- [Task]: An unchanged copy of all the lines below is expected, and it should contain no pictures.

- [Data excerpt]:

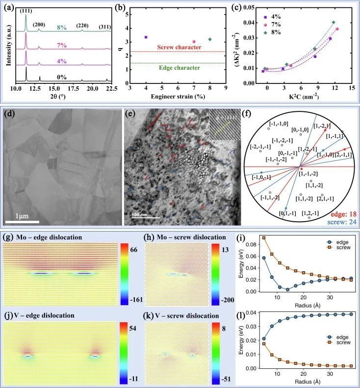 图4活性位错的实验和理论证明。(a) 900°C-1 h退火Ni80Mo20合金在工程应变分别为0%、4%、7%和8%时的高能x射线衍射图。(b)位错特征参数q随工程应变的演化。q的值由卷积多重整体剖面(CMWP)得到。(c)在工程应变分别为4%、7%和8%时,根据改进的Williamson-Hall, ΔK2 vs K2C曲线。(d)塑性应变为5%的900°C-1 h退火Ni80Mo20合金在和附近的双束条件下的TEM图像和(e) 环形亮场(ABF)-STEM图像。红色和蓝色线分别为边缘位错和螺钉位错。(f)对应于(e)的平投影。Ni80Mo20合金中具有边缘位错(g)和螺旋位错(h)的Mo溶质之间的相互作用。数值由meV给出的相互作用能着色。(i) Ni80Mo20合金中Mo以位错核为中心的积分半径与总相互作用能的关系。NiCoV中V溶质与边缘(j)位错和螺旋(k)位错的相互作用。(l) NiCoV中V的总相互作用能随位错核为中心的积分半径的变化。
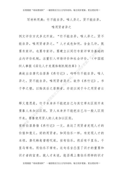 写材料用典:竹不能自异,唯人异之。贤不能自异,唯用贤者异之[更多资源请百度搜索“培实素材网”]
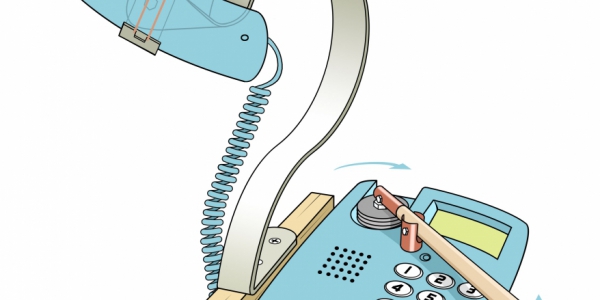 Son papa lui a adapté un téléphone classique de sorte que le combiné soit en permanence en position d'écoute posé sur un support en aluminium.

- [Exercise answer]:
 图4活性位错的实验和理论证明。(a) 900°C-1 h退火Ni80Mo20合金在工程应变分别为0%、4%、7%和8%时的高能x射线衍射图。(b)位错特征参数q随工程应变的演化。q的值由卷积多重整体剖面(CMWP)得到。(c)在工程应变分别为4%、7%和8%时,根据改进的Williamson-Hall, ΔK2 vs K2C曲线。(d)塑性应变为5%的900°C-1 h退火Ni80Mo20合金在和附近的双束条件下的TEM图像和(e) 环形亮场(ABF)-STEM图像。红色和蓝色线分别为边缘位错和螺钉位错。(f)对应于(e)的平投影。Ni80Mo20合金中具有边缘位错(g)和螺旋位错(h)的Mo溶质之间的相互作用。数值由meV给出的相互作用能着色。(i) Ni80Mo20合金中Mo以位错核为中心的积分半径与总相互作用能的关系。NiCoV中V溶质与边缘(j)位错和螺旋(k)位错的相互作用。(l) NiCoV中V的总相互作用能随位错核为中心的积分半径的变化。
 写材料用典:竹不能自异,唯人异之。贤不能自异,唯用贤者异之[更多资源请百度搜索“培实素材网”]
 Son papa lui a adapté un téléphone classique de sorte que le combiné soit en permanence en position d'écoute posé sur un support en aluminium.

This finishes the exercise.